Hidden Job Metadata Attributes

Attribute Type Description
_job_start_time datetime(3) When computation began
_job_duration float32 Computation duration in seconds
_job_version varchar(64) Code version (e.g., git commit hash)

Design notes: - _job_duration (elapsed time) rather than _job_completed_time because duration is more informative for performance analysis - varchar(64) for version is sufficient for git hashes (40 chars for SHA-1, 7-8 for short hash) - datetime(3) provides millisecond precision

Configuration

Settings Structure

Job metadata is controlled via config.jobs settings:

class JobsSettings(BaseSettings):
    """Job queue configuration for AutoPopulate 2.0."""

    model_config = SettingsConfigDict(
        env_prefix="DJ_JOBS_",
        case_sensitive=False,
        extra="forbid",
        validate_assignment=True,
    )

    # Existing settings
    auto_refresh: bool = Field(default=True, ...)
    keep_completed: bool = Field(default=False, ...)
    stale_timeout: int = Field(default=3600, ...)
    default_priority: int = Field(default=5, ...)
    version_method: Literal["git", "none"] | None = Field(default=None, ...)
    allow_new_pk_fields_in_computed_tables: bool = Field(default=False, ...)

    # New setting for hidden job metadata
    add_job_metadata: bool = Field(
        default=False,
        description="Add hidden job metadata attributes (_job_start_time, _job_duration, _job_version) "
        "to Computed and Imported tables during declaration. Tables created without this setting "
        "will not receive metadata updates during populate."
    )

Access Patterns

import datajoint as dj

# Read setting
dj.config.jobs.add_job_metadata  # False (default)

# Enable programmatically
dj.config.jobs.add_job_metadata = True

# Enable via environment variable
# DJ_JOBS_ADD_JOB_METADATA=true

# Enable in config file (dj_config.yaml)
# jobs:
#   add_job_metadata: true

# Temporary override
with dj.config.override(jobs={"add_job_metadata": True}):
    schema(MyComputedTable)  # Declared with metadata columns

Setting Interactions

Setting Effect on Job Metadata
add_job_metadata=True New Computed/Imported tables get hidden metadata columns
add_job_metadata=False Tables declared without metadata columns (default)
version_method="git" _job_version populated with git short hash
version_method="none" _job_version left empty
version_method=None _job_version left empty (same as "none")

Behavior at Declaration vs Populate

add_job_metadata at declare add_job_metadata at populate Result
True True Metadata columns created and populated
True False Metadata columns exist but not populated
False True No metadata columns, populate skips silently
False False No metadata columns, normal behavior

Retrofitting Existing Tables

Tables created before enabling add_job_metadata do not have the hidden metadata columns.

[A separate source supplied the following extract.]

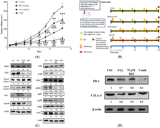 Rh2 enhances the therapeutic efficacy of radiation in CT26/luc tumor-bearing mice. (A) Flow chart of in vivo experiments. CT26/luc cells were subcutaneously implanted into the right flanks of the male mice. Mice were randomly divided into four groups (n = 6 per group): control, 4 Gy irradiation, Rh2 alone (10 mg/kg, gavage), and a combination of both (pretreated with 10 mg/kg Rh2 one day prior to 4 Gy irradiation). (B) Tumor volume was significantly inhibited in all treatment groups, especially in the combination group. (C) The expressions of tumor progression-related proteins, such as MMP-9, VEGF, Bcl-2, and Cyclin D1, were all increased in the radiation-alone group but were decreased in Rh2-alone and combination groups. The cleaved caspase-3 and -8 were increased in all treatment groups. Phosphorylated MAPK proteins, such as Akt, Erk, JNK, and p38, were all increased in the radiation-alone group but decreased in Rh2-alone and combination groups. (D) The splenocytes of the spleens were used to assay the expressions of CTLA-4 and PD-1. Both CTLA-4 and PD-1 could be slightly reduced by radiation and Rh2-alone treatments. Notably, PD-1 but not CTLA-4 was significantly reduced by the combination treatment. * p < 0.05, ** p < 0.01, and *** p < 0.001 for the treatment groups compared with that of the control. ## p <0.01 and ### p< 0.001 for Rh2-alone and combination groups compared with that of the radiation-alone group. $$ p < 0.01 and $$$ p < 0.001 for radiation-alone and combination groups compared with that of the Rh2-alone group.

To add metadata columns to existing tables, use the migration utility (not automatic):

from datajoint.migrate import add_job_metadata_columns

# Add hidden metadata columns to specific table
add_job_metadata_columns(MyComputedTable)

# Add to all Computed/Imported tables in a schema
add_job_metadata_columns(schema)

This utility: - ALTERs the table to add the three hidden columns - Does NOT populate existing rows (metadata remains NULL) - Future populate() calls will populate metadata for new rows

Behavior

Declaration-time

When config.jobs.add_job_metadata=True and a Computed/Imported table is declared: - Hidden metadata columns are added to the table definition - Only master tables receive metadata columns; Part tables never get them

Population-time

After make() completes successfully: 1. Check if the table has hidden metadata columns 2. If yes: UPDATE the just-inserted rows with start_time, duration, version 3. If no: Silently skip (no error, no ALTER)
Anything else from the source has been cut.